Suddenly Hatty heard a familiar voice behind her.
‘Hi.’ It was Rio. Rio with Finn.
‘Hello.’ Katiyana smiled sweetly, making her look even more beautiful than ever.
‘I’m Rio. I’m the England captain.’
‘I know.’ Katiyana blushed. ‘I saw you on the pitch. You were good.’
And Hatty realized that their conversation was over.
The five Squad members chose to walk back to the hotel from the TUIL Arena. Their route took them through a housing estate and past a modern white cathedral to the Bruvegen Bridge. They needed to go over the bridge from Tromsdalen back to Tromsø.
The air was cooling. Once they were on the bridge, the wind that passed down the channel buffeted them. A cold, icy wind. They could feel the bridge shuddering as the air currents moved around it. With no mountainsides or buildings to shield them from the Arctic weather, they were very exposed. But it was a beautiful setting, so the wind didn’t worry them.
The children saw two things as they walked across the bridge. The first was a huge red-and-white boat heading in from the south, HURTIGRUTEN written on its side. As they saw it, they heard it too: its horn filled the fjords with a deep blast of sound that echoed from mountainside to mountainside.
‘That’s the Hurtigruten,’ Lesh explained. ‘It’s a boat service that runs up and down the Norwegian coast. There are a few boats going north and south at any one time. It takes a week to travel the length of the country.’
The other thing they all saw from the bridge was a man standing exactly halfway across, hundreds of metres above the choppy water. And he looked familiar.
‘Isn’t that …?’ Kester asked.
‘Sergei Esenin,’ Lesh confirmed. ‘No question. Just like he looks in the photos we saw.’ ‘What’s he doing here?’ Lily asked.
‘I don’t know,’ Kester replied. ‘But is it normal to stop on a bridge and just stare into the water?’
‘Well, we’re doing it,’ Hatty pointed out.
‘True,’ Kester conceded.
The Squad carried on talking as they moved past Esenin, covering the sort of trivia they knew would sound normal. Football. Who was winning and who was losing back in England.

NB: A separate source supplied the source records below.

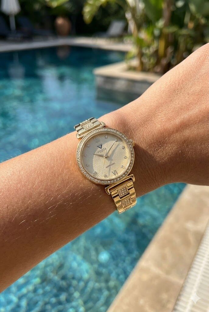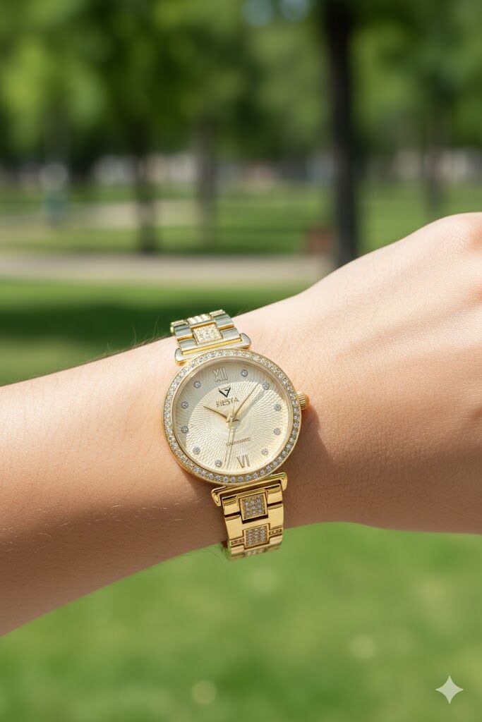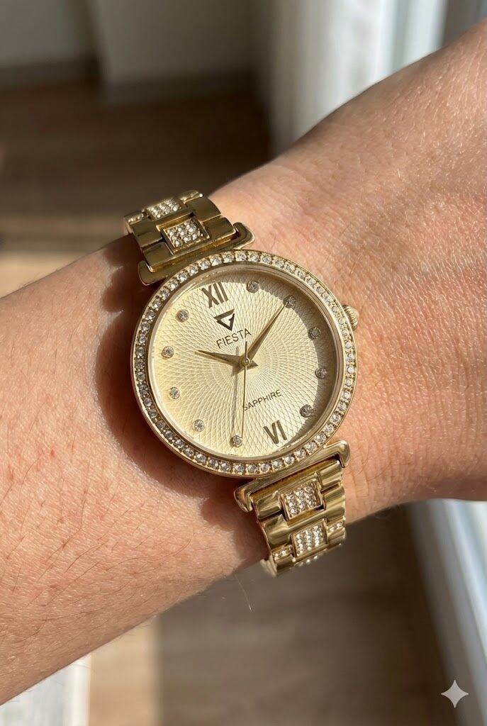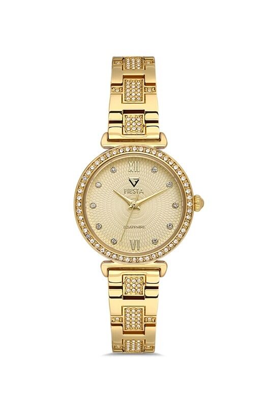 Fiesta kadın kol saati, altın tonlu zarif tasarımı ve taş detaylarıyla şıklığı ön plana çıkaran özel bir modeldir. Yuvarlak kasa formu ve ince bilezik yapısı sayesinde bilekte feminen ve dikkat çekici bir duruş sunar. Günlük kullanımın yanı sıra özel davetlerde de kombinlerinizi tamamlar.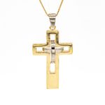 Este elegante dije en forma de cruz de oro 18K es el complemento perfecto para cualquier ocasión. Su diseño clásico y atemporal lo convierte en una pieza imprescindible en tu colección de joyería.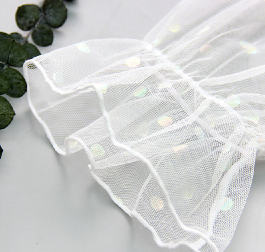 - Set gồm: áo ren trắng chấm bi khoác ngoài kèm bộ liền thân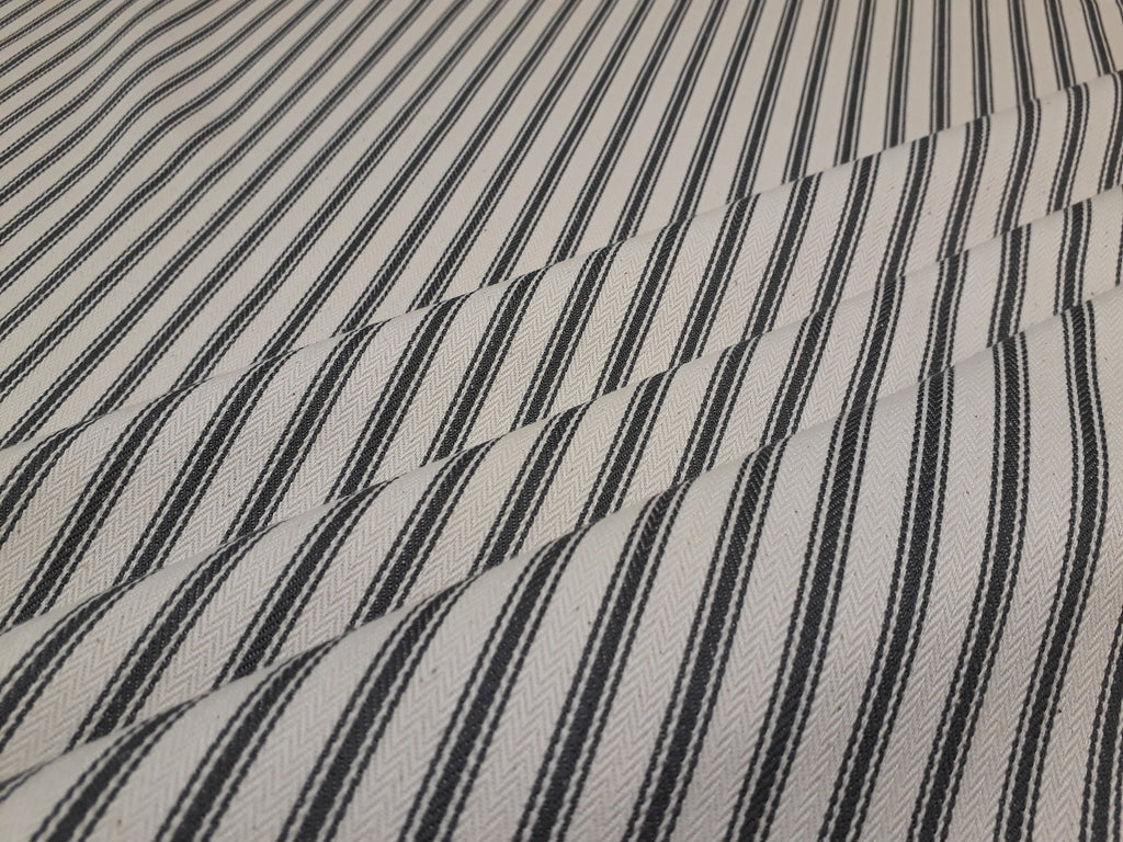 100% Cotton ticking woven stripe curtain, soft furnishing and light domestic upholstery fabric. Free samples available.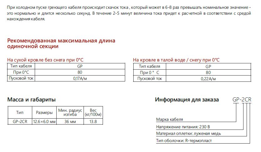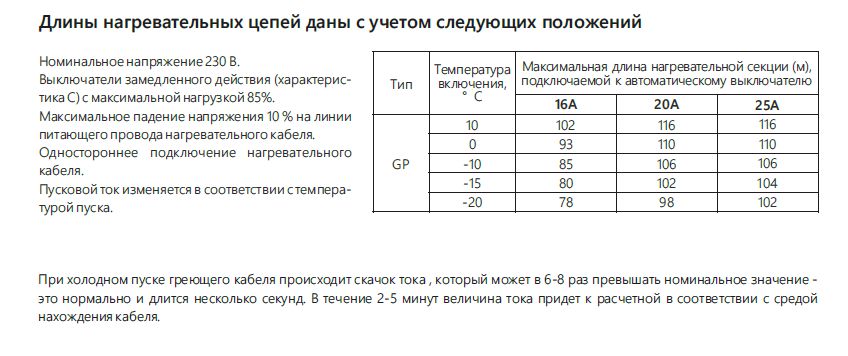 Номинальное напряжение 230 В. Выключатели замедленного действия (характеристика C) с максимальной нагрузкой 85%. Максимальное падение напряжения 10 % на линии питающего провода нагревательного кабеля. Одностороннее подключение нагревательного кабеля.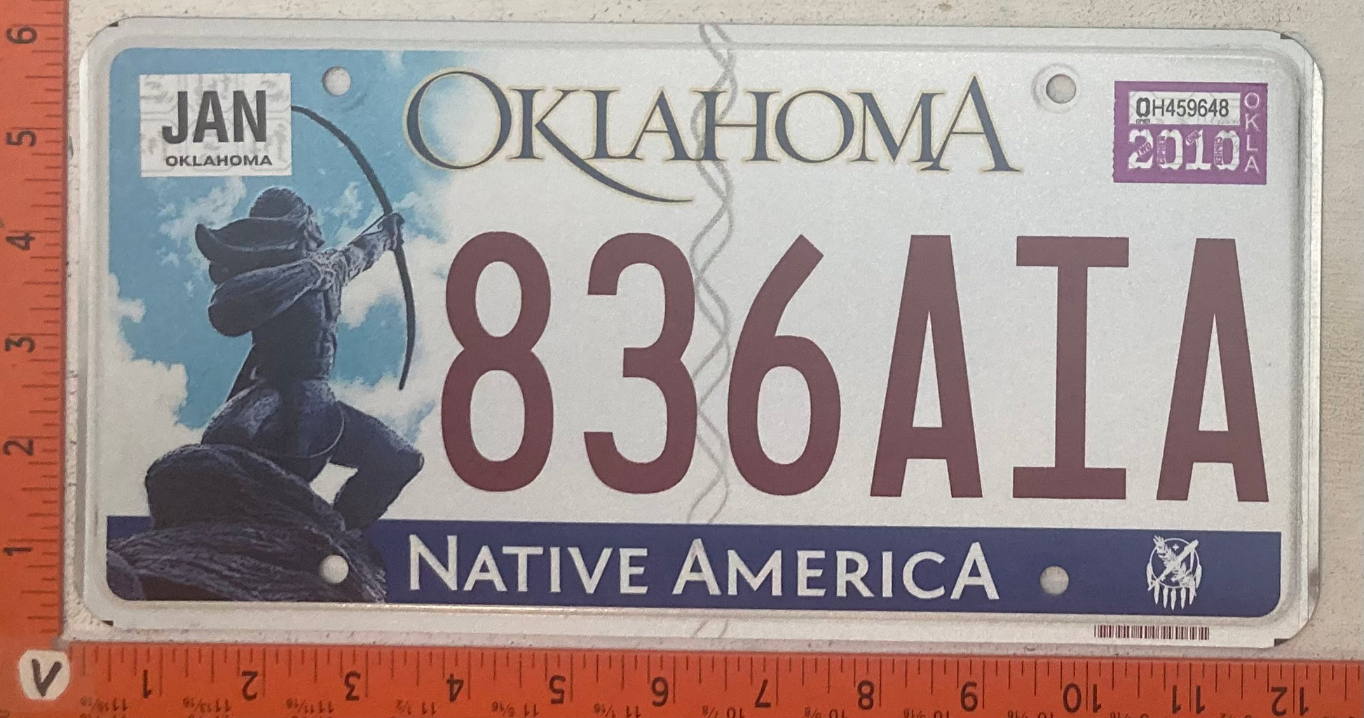 2010 Oklahoma #836AIA Passenger License Plate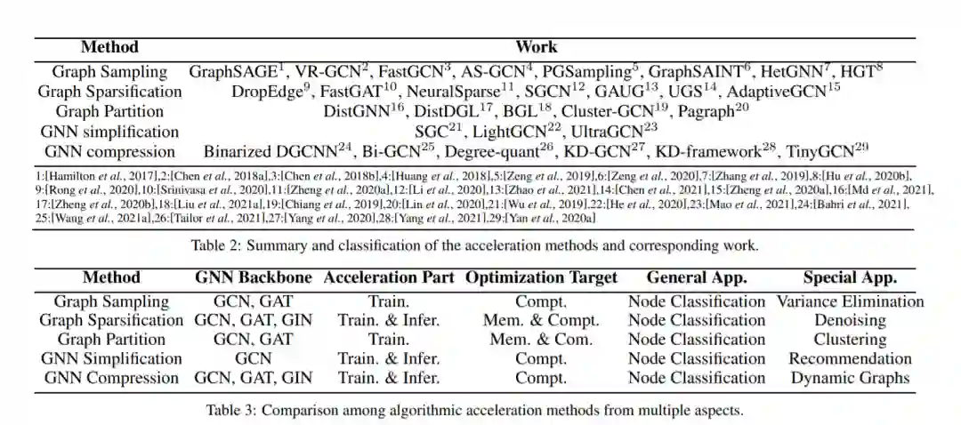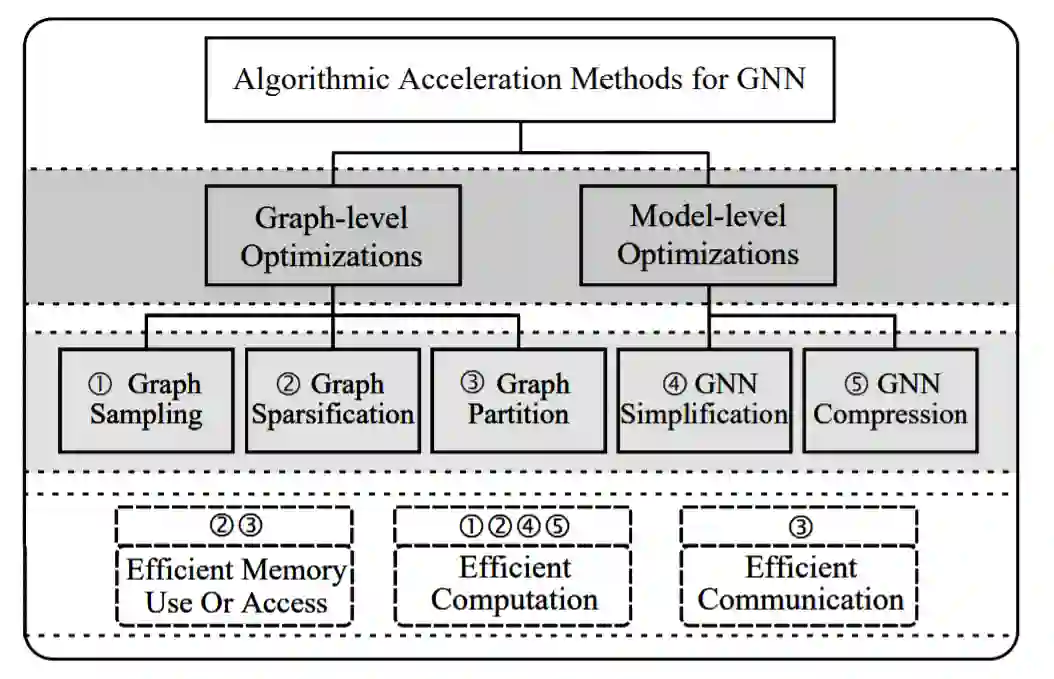然而,目前还没有文献从算法层面系统地研究GNN的加速方法。实际上,算法级别的改进不仅提高了模型的精度,而且加速了模型的学习[Chen et al., 2018b; Bojchevski et al., 2020]。我们认为,GNN的算法加速方法将大大有利于训练和推理过程,同时,GNN框架的整体性能[Fey and Lenssen, 2019; Wang et al., 2019a],因为一个设计良好的框架加上一个优化的算法可以从经验上获得双重提升[Lin et al., 2020]。因此,尽管有一些关于图相关框架和硬件加速器的有见地的综述,但对GNN算法加速方法的全面综述是非常值得期待的,这正是本工作的目标和重点。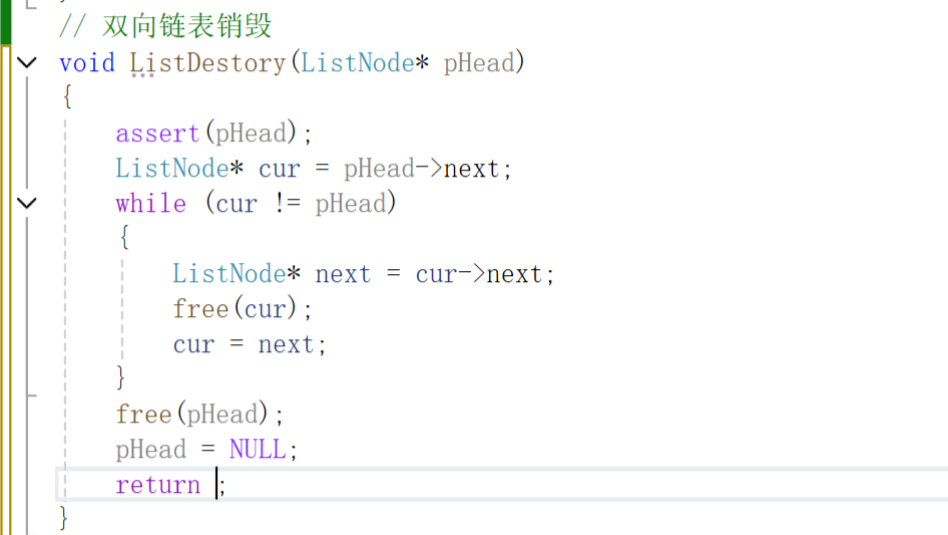 双向链表的销毁就比较简单,得先断言,哨兵卫不能为空昂,不然就是传错值了呢,然后从哨兵卫的next开始释放,最后再释放哨兵卫,记得置空哦~避免野指针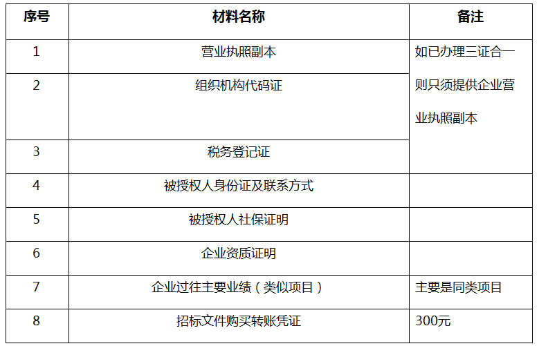 凡有意向參加投標者,請在上述期間內按下表提供報名資料,相關證明文件的原件如無法提供原件則提供復印件加蓋公司公章,投標人須將上述資料的掃描件發郵件至招標聯系人處進行報名。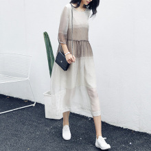 飘逸渡假连衣裙中袖真丝长款裙子外贸原单女装欧美货尾单剪标出口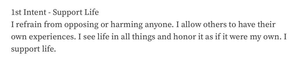 My mind has for over a week now been focused on a battle that my wife has been waging inside her own mind. Trying to make sense in an insane world that is forever trying to press us all into one or the other molds is enough to drive us all crazy. And so I close this offering as I have several and will, if I live, probably end several more, with the First of Ten Intentions for a Better World: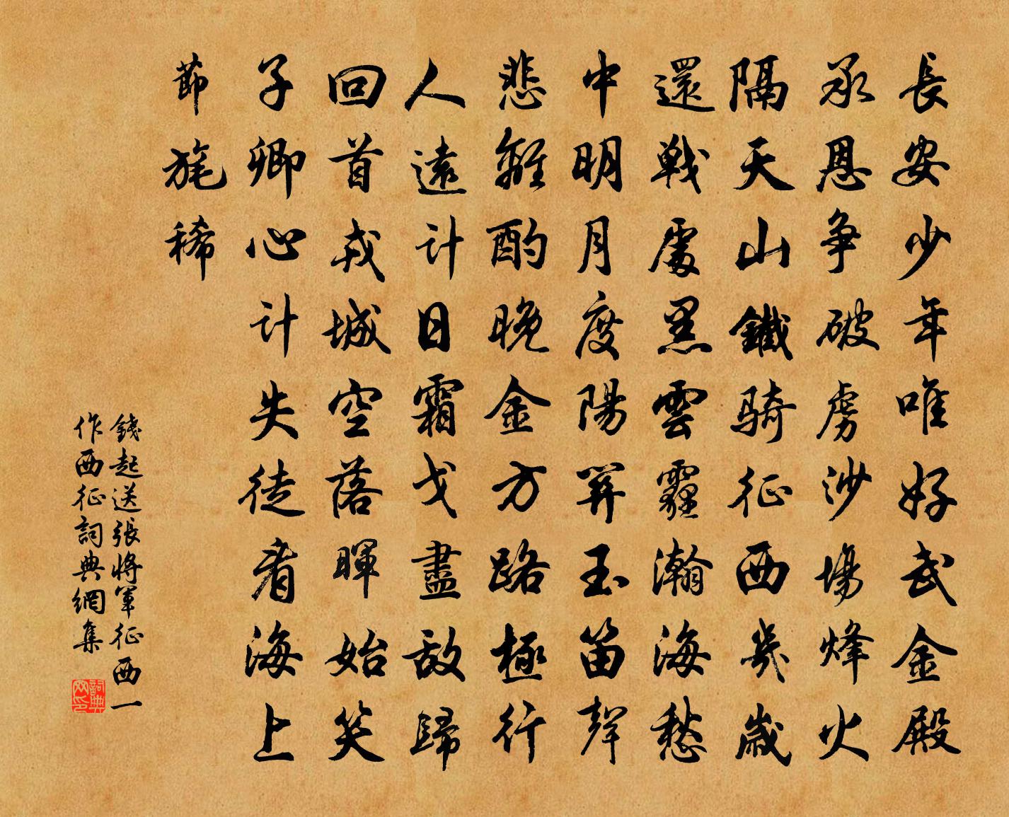 長安少年唯好武,金殿承恩爭破虜。沙場烽火隔天山,鐵騎征西幾歲還。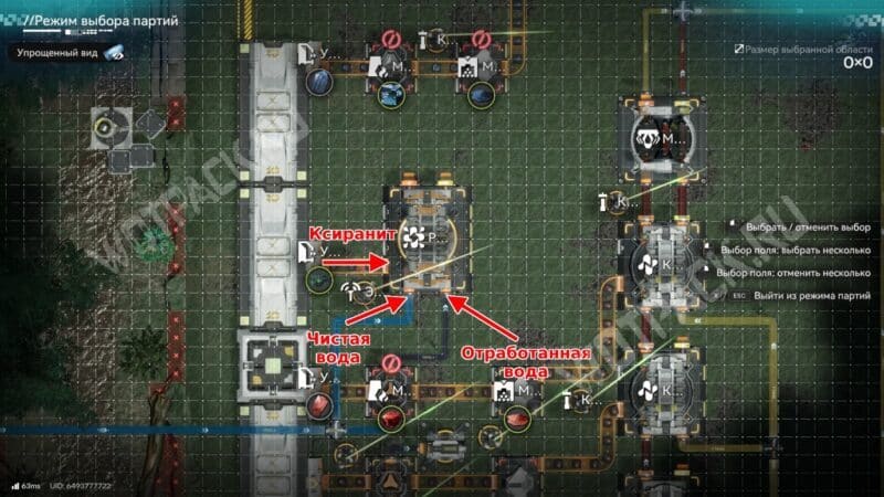В первую очередь нужно очистить куприевую руду, поэтому выведите её со склада и направьте в очистители. Не забудьте подключить к ним чистую воду, а порты для вывода жидкости соедините с модулями очистки воды.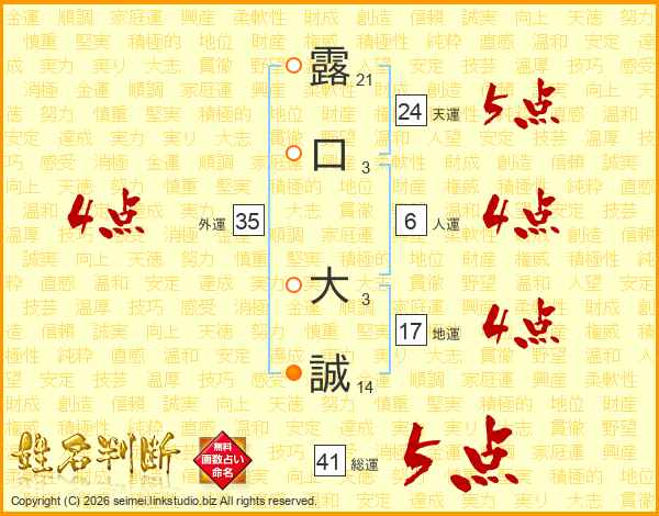 露口大誠さんの総運は41画の5点!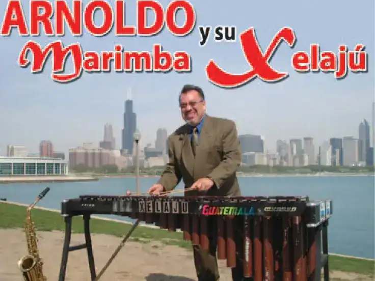 Arnoldo estudió en el Conservatorio Nacional de Música de Guatemala; es saxofonista también. Integró varias marimbas, entre ellas, Murmullo de la Selva, la marimba del maestro Cupertino Soberanis, la de la Fuerza Aérea Guatemalteca y dirigió la de la línea aérea Aviateca. Integró por ocho años la Marimba Orquesta Gallito, con la cual hizo varias giras a Estados Unidos. Pero en 1975 decidió quedarse en ese país: “Saqué el último compromiso que fue en Los Ángeles, y de ahí tomé el vuelo para acá, para Chicago, para comenzar un proyecto”, recuerda.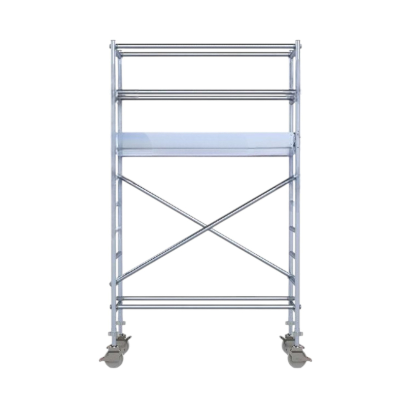Deze verrijdbare rolsteiger is geschikt voor zowel binnen- als buitenwerkzaamheden op hoogte. Al wordt een kamersteiger veelal binnenshuis gebruikt. Een rolsteiger is robuuster en breder dan een kamersteiger.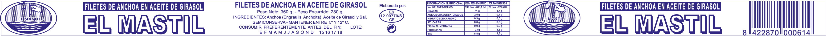 ANXOVA FIL. OLI GIRASOL (EL MASTIL) 6/650 TERRINA DE 100u.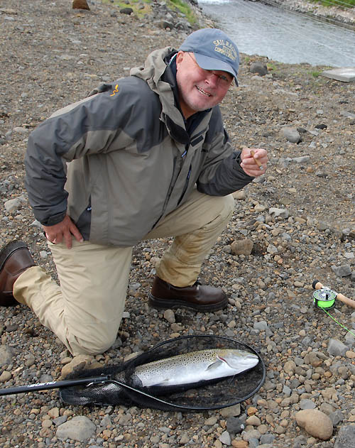 Stor: Vekta i håvskaftet viser 3,3 kg, og Per Bomann-Larsen feirer ørret-persen med sigar.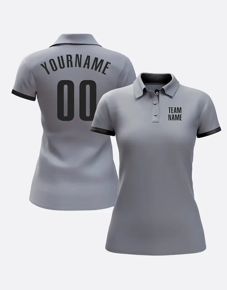 CUSTOM WOMEN’S GRAY NAVY POLO SHIRT KURD INTERNATIONAL BESPOKE SPORTSWEAR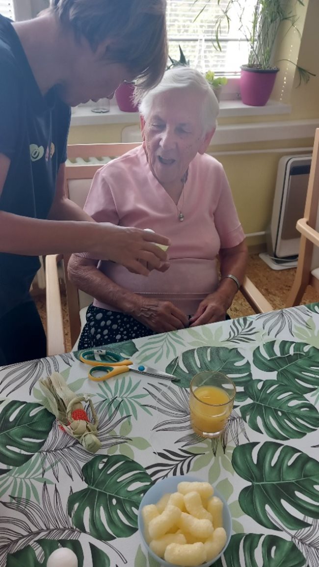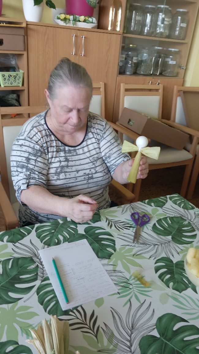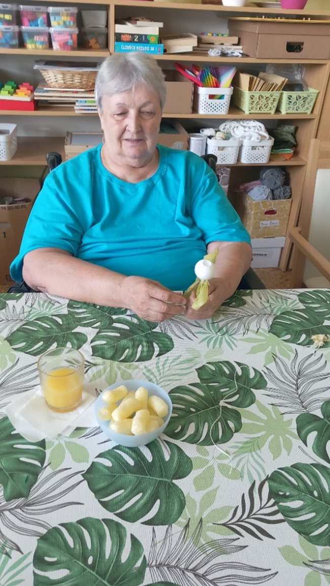 V zahradní terapii jsme si povídali o kukuřici, jejím využití v kuchyni a přínosu pro naše zdraví. Ochutnali jsme různé kukuřičné pochutiny a velký úspěch měla výroba panenek z kukuřičného šustí.

The Russian’s eyes were so fixed on the channel of water beneath him that he didn’t seem to notice them anyway. He looked young and extremely fit. Not at all how they imagined a scientist to be.
When they were safely past him, Kester asked the question everybody had lodged in their minds. ‘What was he looking for?’
‘Something in the water?’ Lily suggested.
‘Or under it?’ Lesh added. ‘A Russian submarine?’
‘The warhead,’ Hatty said. ‘He knows it’s coming in and he’s monitoring it. Maybe.’
‘I think it’s time we reported back to the Prime Minister,’ Kester concluded. ‘We’re starting to get some ideas about what’s going on – and who might be involved.’
The five children picked up their pace, heading towards the conference hotel, as a vicious hailstorm swept off the mountains.